Table 1-HERC proteins distribution among the protist, plant and animal kingdoms. The yellow star in the non-canonical HERC group indicates any single, or multiple (in various order and number), domain/s in addition to the RLD, SPRY and HECT that are shared with the canonical HERCs.
Such evidence indicates that the most primitive prototype of the HERC E3-ubiquitin ligase date back to a kingdom different from that of an animal as hitherto believed12. Indeed, the vast majority of protists organisms harbour genes encoding for both putative small and large HERC. Interestingly, the structural domain composition of the N-terminal region of the vast majority of the protists putative large HERC evokes that of canonical mammalian HERC1 because they possess at least a RLD, SPRY, a single HECT and in some cases, an UBA domain but all of them lack a WD40 motif hence named “HERC-like”16. Animals such as the urochordate (Ciona intestinalis) and the cnydaria (Hydra vulgaris) harbour HERC1 proteins that, structurally, are already very close to those of mammals, albeit characterized by a single RLD instead of the canonical two archetypal of the mammalian HERC1. Noteworthy, some protists such as amoebozoa, dinoflagellates and apicomplexa encode for small HERC-like proteins, that is their size range between 120 to 200 kDa, but, besides the canonical RLD and Hect, they possess a third additional domain displaying homology either with the serine/threonine kinase, tetratricopeptide or cytochrome-C motif, respectively.
Remarkably, canonical small HERC encoding genes are found also in some red and brown algae (e.g. Fistulifera solaris, Galdieria sulphuraria and Cyanidioschyzon merolae) as well as in green plants.

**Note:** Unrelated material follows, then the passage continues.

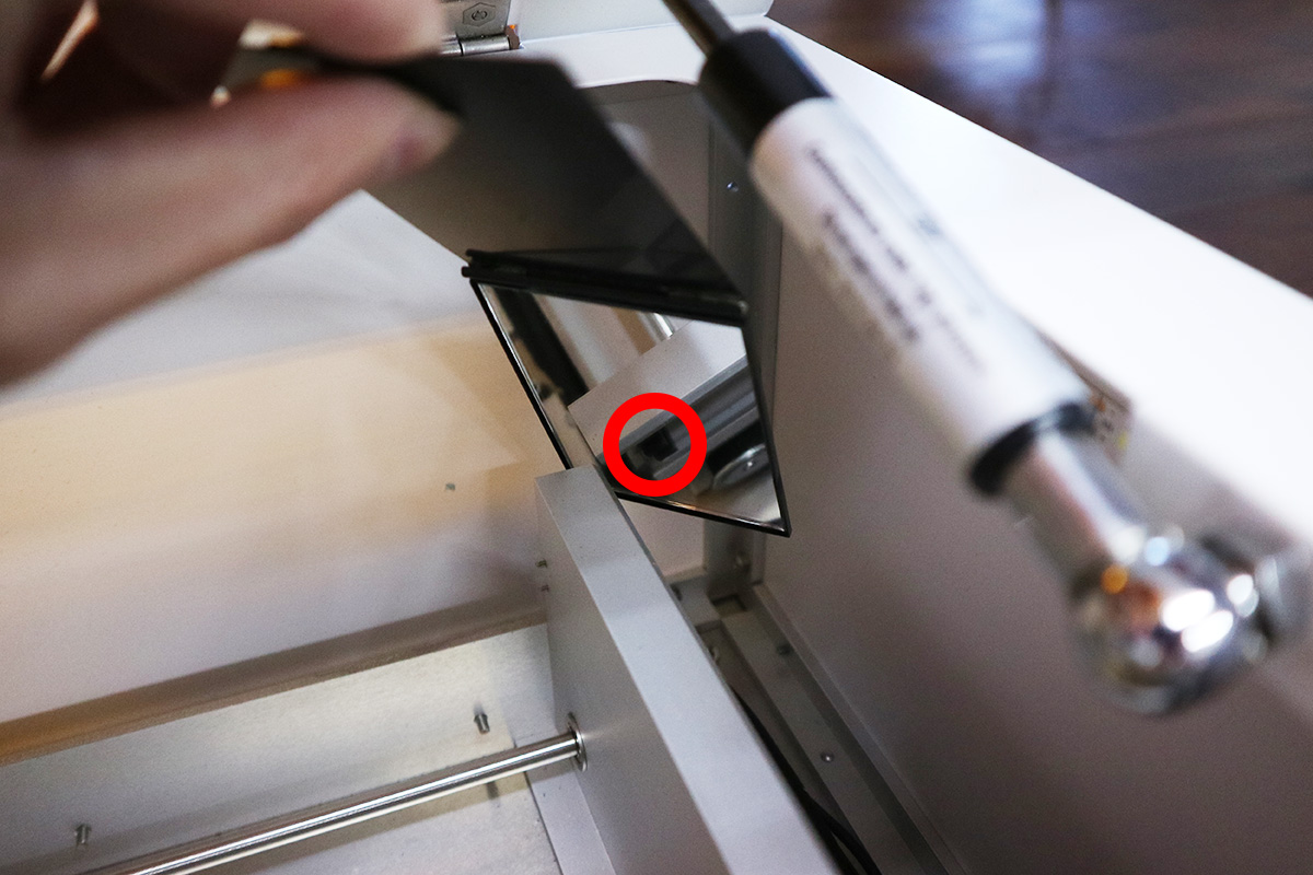 リミットスイッチはX軸の左側と本体右奥に取り付いています。右奥のリミットスイッチは通常だと見えないので、鏡を使用して確認してください。
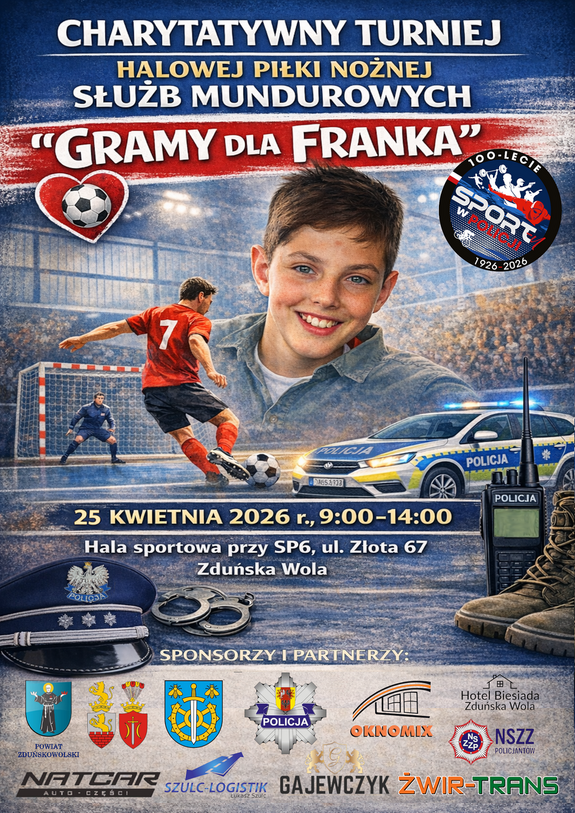 Organizujemy charytatywną imprezę sportową by zebrać pieniądze na specjalistyczne badanie głowy 12-letniego Franka, syna policjantki ze zduńskowolskiej komendy. To badanie musi być przeprowadzane w specjalistycznej klinice w Niemczech. Pomoże ono zdiagnozować i powstrzymać codziennie ataki padaczki chłopca. To padaczka lekooporna odebrała chłopcu umiejętność mówienia i wyhamowała jego rozwój intelektualny.

The latter organisms uniquely encode for canonical small HERCs and their presence is restricted to the green algae and herbaceous plants, though the latter organisms uniquely encode for canonical small HERC members.
It appears clear that the current HERCs phylogenetic history needs to be re-assessed. Actually, we are aware that HERC proteins are not exclusively restricted to the animal kingdom but evolutionary they emerged earlier, an occurrence that is witnessed by their appearance in protist and plant kingdoms. The molecular mechanisms controlling the HERC ubiquitin ligases, as well as their enzymatic regulation and substrate specificity, are so far open questions and answering to them will represent the major future challenge to fully understand their functional roles. In this regard, the large HERCs possess a variety of motifs whose function remains currently mysterious. Besides the RLD domain, the SPRY motif is highly conserved throughout the evolution suggesting a strictly maintained role. Currently, whether the N-terminal domain of large HERC contribute to the specificity of the substrate recognition, to the enzymatic regulation or both and to a what extent to date remains unknown. The presence of HERC encoding genes in simple, and genetically amenable, organisms (e.g., amoebozoa) potentially make them very valuable and attractive models, alternative to animals, to better understand and clarify the functional roles, substrates, physical/genetic interactors and cellular substrates of these peculiar group of E3 ubiquitin ligases.